Interestingly, most of Justice Scalia's influence took the form of redefining the playing field itself rather than scoring memorable goals or touchdowns. Others have already commented on how frustrated he seems to have been by the fact that he achieved fewer tangible victories in the realm of constitutional law than his years of judicial toil and his towering importance as a judge might have led one to expect. To be sure, Justice Scalia cast significant (and, at crucial times, decisive) votes in favour of the rights of criminal defendants to confront the witnesses against them and to have juries of their peers decide all the facts crucial to their sentencing and convictions. In addition, his was a crucial vote in many closely contested cases about the First Amendment's Freedom of Speech and Religion clauses. That said, it still surprises many to learn that the Second Amendment rights of private individuals to purchase and carry firearms represented the only area in which the justice's insistence on channelling the "original public meaning" of the Constitution could be credited with a Supreme Court victory.
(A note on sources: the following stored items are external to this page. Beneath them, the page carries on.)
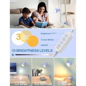 - Luminária de mesa roxa lilás fofa: a luz de grampo apresenta 3 temperaturas de cor: luz branca quente (3000K), luz natural (4500K) e luz branca fria (6500K). Cada modo de iluminação tem 10 níveis de escurecimento de brilho. Total de 30 modos de iluminação para atender a todos os seus requisitos. A lâmpada lilás roxa é um lindo acessório de mesa!
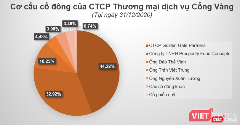 Trong đó, CTCP Golden Gate Partners (Golden Gate Partners) là cổ đông lớn nhất, với 3,37 triệu cổ phần, tương đương 44,22% vốn điều lệ. Thành lập từ tháng 6/2014, Golden Gate Partners có nhiều mối liên hệ với nhóm cổ đông sáng lập Golden Gate, do ông Trần Việt Trung đảm nhiệm vị trí Tổng giám đốc.
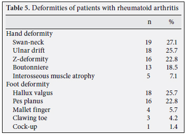 Seventy (29.53%) of the 237 cases who underwent final examinations had at least one deformity. The hand and leg deformities in the RA patients are given in Table 5.
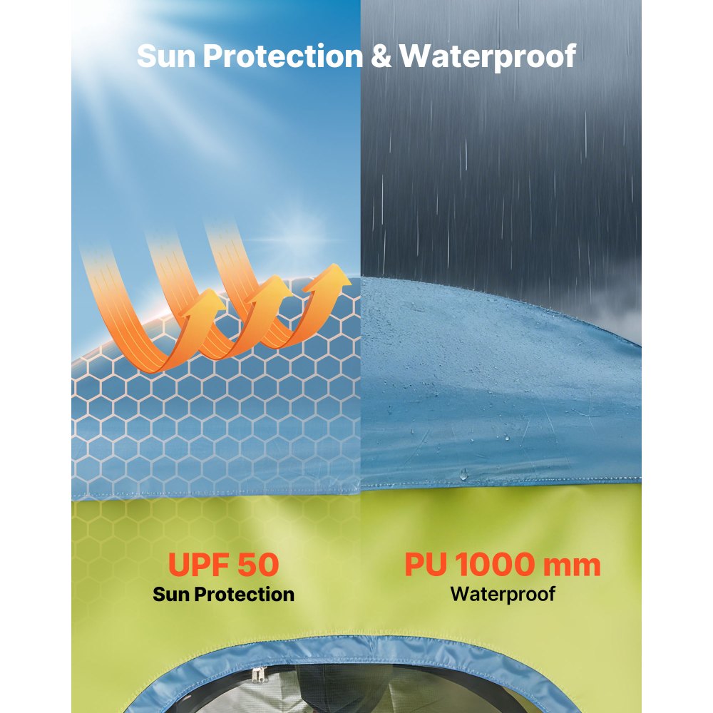 Ασφάλεια και προστασία απορρήτου: Όταν κάνετε ντους ή αλλάζετε ρούχα σε εξωτερικό χώρο, και τα δύο έχουν σημασία. Το παχύ εξωτερικό ύφασμα και το πλαίσιο από υαλοβάμβακα διατηρούν τη σκηνή ντους κάμπινγκ σταθερή στον αέρα ή τη βροχή, ενώ ο αερισμός και η εσωτερική αποθήκευση προσθέτουν άνεση σαν στο σπίτι. Προστασία από τον ήλιο και αντοχή στο νερό: Κατασκευασμένη από ύφασμα Oxford 150D με προστασία UPF 50, η σκηνή εξωτερικού ντους μας μπλοκάρει το έντονο ηλιακό φως. Τα πλαϊνά παράθυρα βελτιώνουν τη ροή του αέρα. Η αντοχή στο νερό PU2000mm επιτρέπει στη βροχή να γλιστράει γρήγορα, διατηρώντας το εσωτερικό στεγνό. Πολλαπλές επιλογές αποθήκευσης: Αυτή η φορητή σκηνή ντους προσφέρει άνεση σε εξωτερικούς χώρους, σαν στο σπίτι. Το σκοινί απλώματος κρεμάει πετσέτες και ρούχα, το πάνω γάντζο κρατάει ένα φως ή κεφαλή ντους και η τσέπη αποθήκευσης κρατάει τα τηλέφωνα και τα μικρά αντικείμενα οργανωμένα. Λεπτομέρειες Premium: Αυτή η σκηνή ντους περιλαμβάνει αποσπώμενο προστατευτικό βροχής για ψιλή βροχή, αποσπώμενο χαλάκι δαπέδου που λειτουργεί σε γρασίδι ή άμμο και παράθυρα που εξασφαλίζουν αερισμό. Διαθέτει επίσης τσάντα ντους 5 γαλονιών για βασικά ντους για 1-2 άτομα. Πολυλειτουργική σκηνή: Η σκηνή ιδιωτικότητας 66 x 66 x 86 ιντσών εξασφαλίζει άφθονο χώρο για ντους. Παρέχει αερισμό όταν χρησιμοποιείται ως κινητή τουαλέτα και χρησιμεύει ως ιδιωτικός χώρος για γρήγορα ντους, ανάγκες τουαλέτας ή αλλαγές ρούχων.
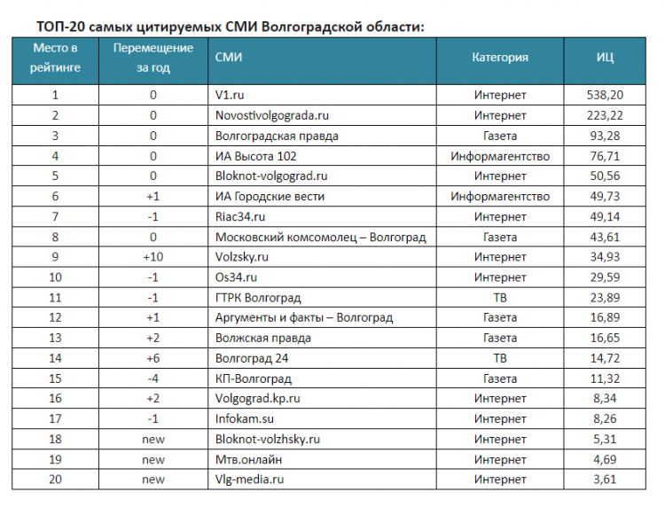 Лидерами рейтинга цитируемости стали такие издания как V1, НовостиВолгоград.ру, Волгоградская правда. А замыкают рейтинг Блокнот-Волжский, MTV.Онлайн и Vlg-media.

Although some scholars described the pair of decisions establishing that "individual rights" reading of the "right to bear arms" as the clearest triumph for Justice Scalia's originalist methods, the irony is that this context was one in which an arguably stronger "originalist" argument was mounted by the four dissenting justices, who advanced a detailed and carefully evidenced case for the view that the "original" meaning of the provision in question bore not on a private right of individuals to "bear arms," but rather on a collective right of the state militias to arm themselves against being overpowered by an irresistible national army.

In matters of statutory interpretation, Justice Scalia's influence is probably more pronounced than it was in the realm of constitutional construction: He taught generations of law students, lawyers and judges to pay close attention to the literal text and structure of enacted laws and to consult legislative history rarely and never decisively, emphasizing that our Constitution sets out the ways in which Congress is to make laws – and that leaving behind a trail of crumbs in floor speeches and committee reports is not among them. It is telling that the court Justice Scalia leaves behind contains very few justices who fail to give legislative text the kind of priority that Jutice Scalia insisted was its due. Yet there again, in the most contentious and publicly significant cases, including those involving President Barack Obama's signature domestic achievement, the Affordable Care Act, Justice Scalia failed to take a majority of the court with him to the conclusion he was convinced his methods of interpretation demanded.

While Justice Scalia may not always have been able to sway enough of his fellow justices to his side, his role as charismatic leader of an increasingly dominant school of legal thought in the United States makes it altogether unsurprising (although perhaps unseemly and, in my view, ultimately indefensible) that the U.S. Senate, now in the hands of right-leaning Republicans, is digging in its heels and promising to leave his seat on the court unfilled for well over a year at a uniquely divided time in our politics.

Candidates for the Republican presidential nomination have been quick to assert that Justice Anthony Kennedy's appointment by president Ronald Reagan in 1988 represents the only time in the past 80 years that the U.S. Senate has confirmed a Supreme Court nominee during a presidential election year. That claim is simply made up (there were three such cases in the past 84 years and five in the past century) and ultimately irrelevant: The Constitution clearly obliges the president to nominate a justice to fill this vacancy, and not once since 1900 has an impending presidential election led to the kind of impasse the Senate leadership now threatens.

Republicans may well end up regretting their obstructionist strategy. Their posturing, so reminiscent of the tactics previously used by one or both chambers of Congress to hold the nation hostage to the Republican agenda, could well backfire by helping the Democratic nominee to prevail this November.

It would do a genuine disservice to a great judge's memory and to the structure of the U.S government for the Senate to treat Justice Scalia's death as the occasion for just more political posturing.